**How to complete this task:** Nothing but the lines below, from the first through the line containing "Futuristic abstract design", should be set down, each one exactly and without pictures.

**Given data:**
·····

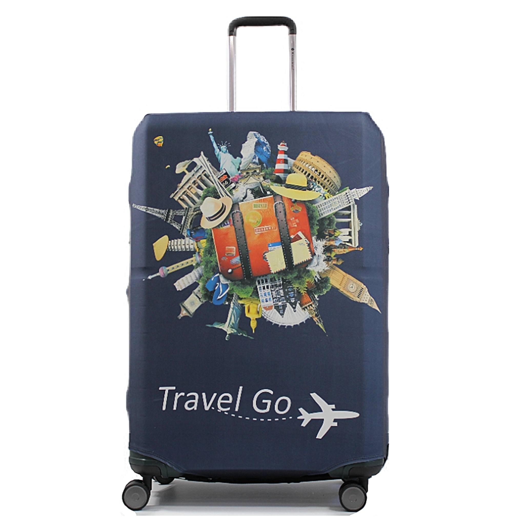 Чехол гигант XL ( для гигант чемодана ): высота без колес – 72-78 см, ширина – 50-55 см, глубина – 30-35 см- Вес: 0,50 кг
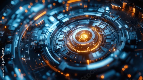 Futuristic abstract design showcasing glowing elements in a circular pattern, perfect for tech and digital themes.
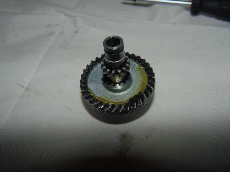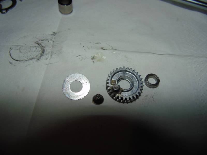 Ведущее колесо из цинко-алюминиевого сплава, по качеству примерно такое как на кальдии. Слева опирается на подшипник размером 7*13*4, справа непонятно зачем на 7*11*3. Ведомая из бронзы, опирается сверху на закрытый подшипник размером 7*14*5, снизу же упирается в корпус, но это нестрашно, так как заходит глубоко в корпус.
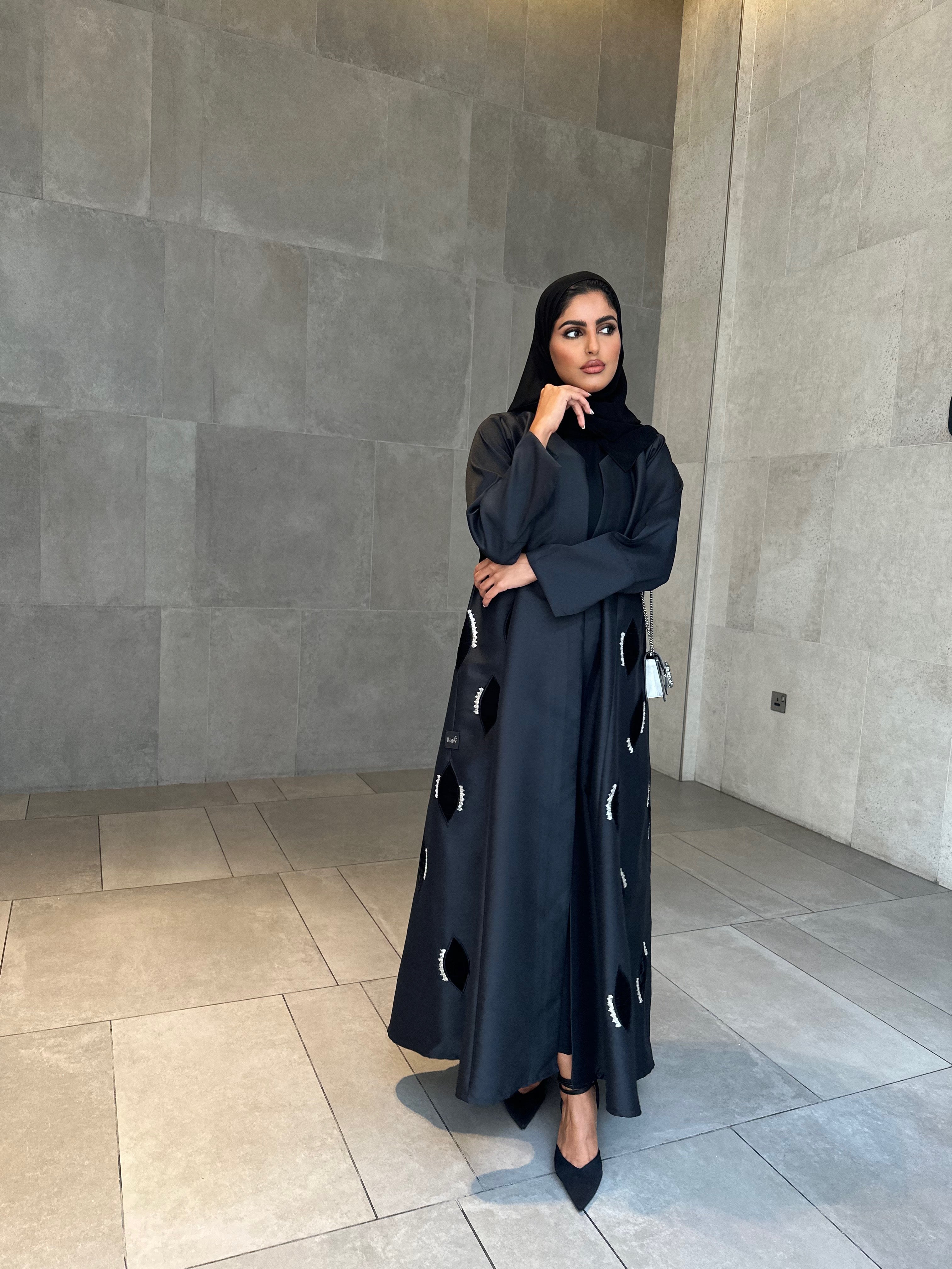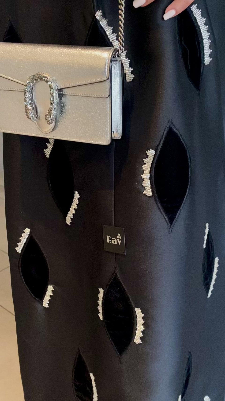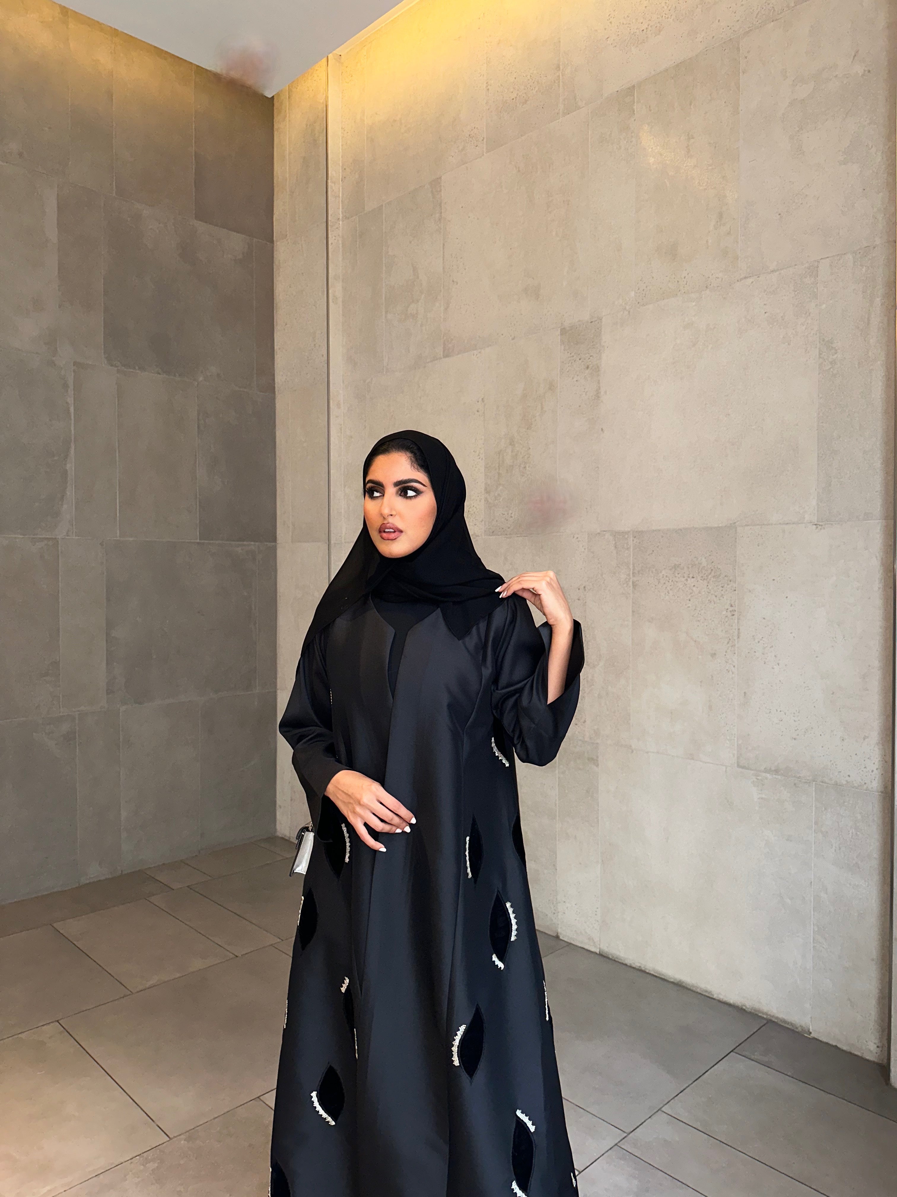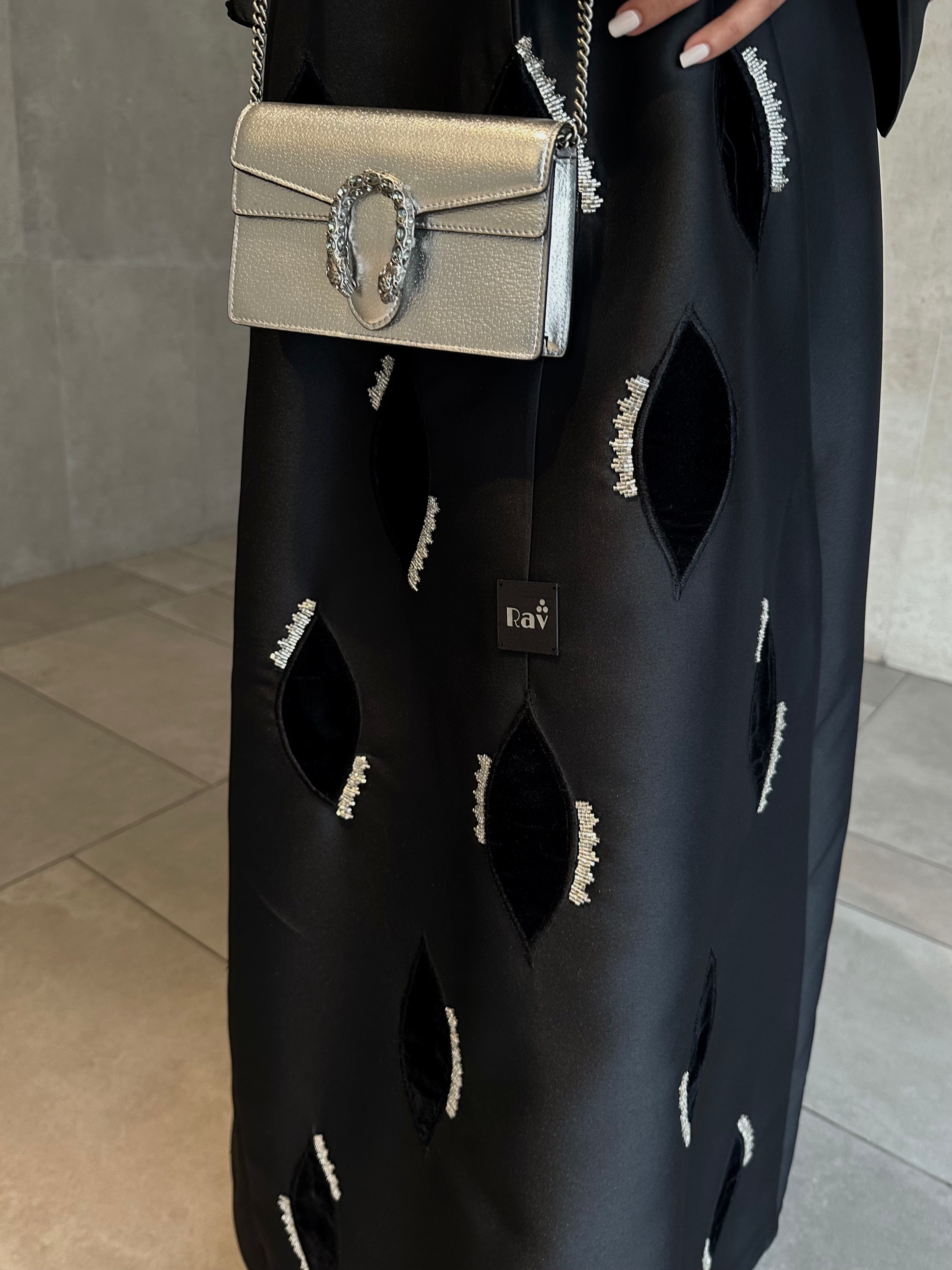 Black klosh abaya taffeta fabric embroidered with crystal and matte velvet material , shillah included

·····

**Response:**
 Чехол гигант XL ( для гигант чемодана ): высота без колес – 72-78 см, ширина – 50-55 см, глубина – 30-35 см- Вес: 0,50 кг
 Futuristic abstract design showcasing glowing elements in a circular pattern, perfect for tech and digital themes.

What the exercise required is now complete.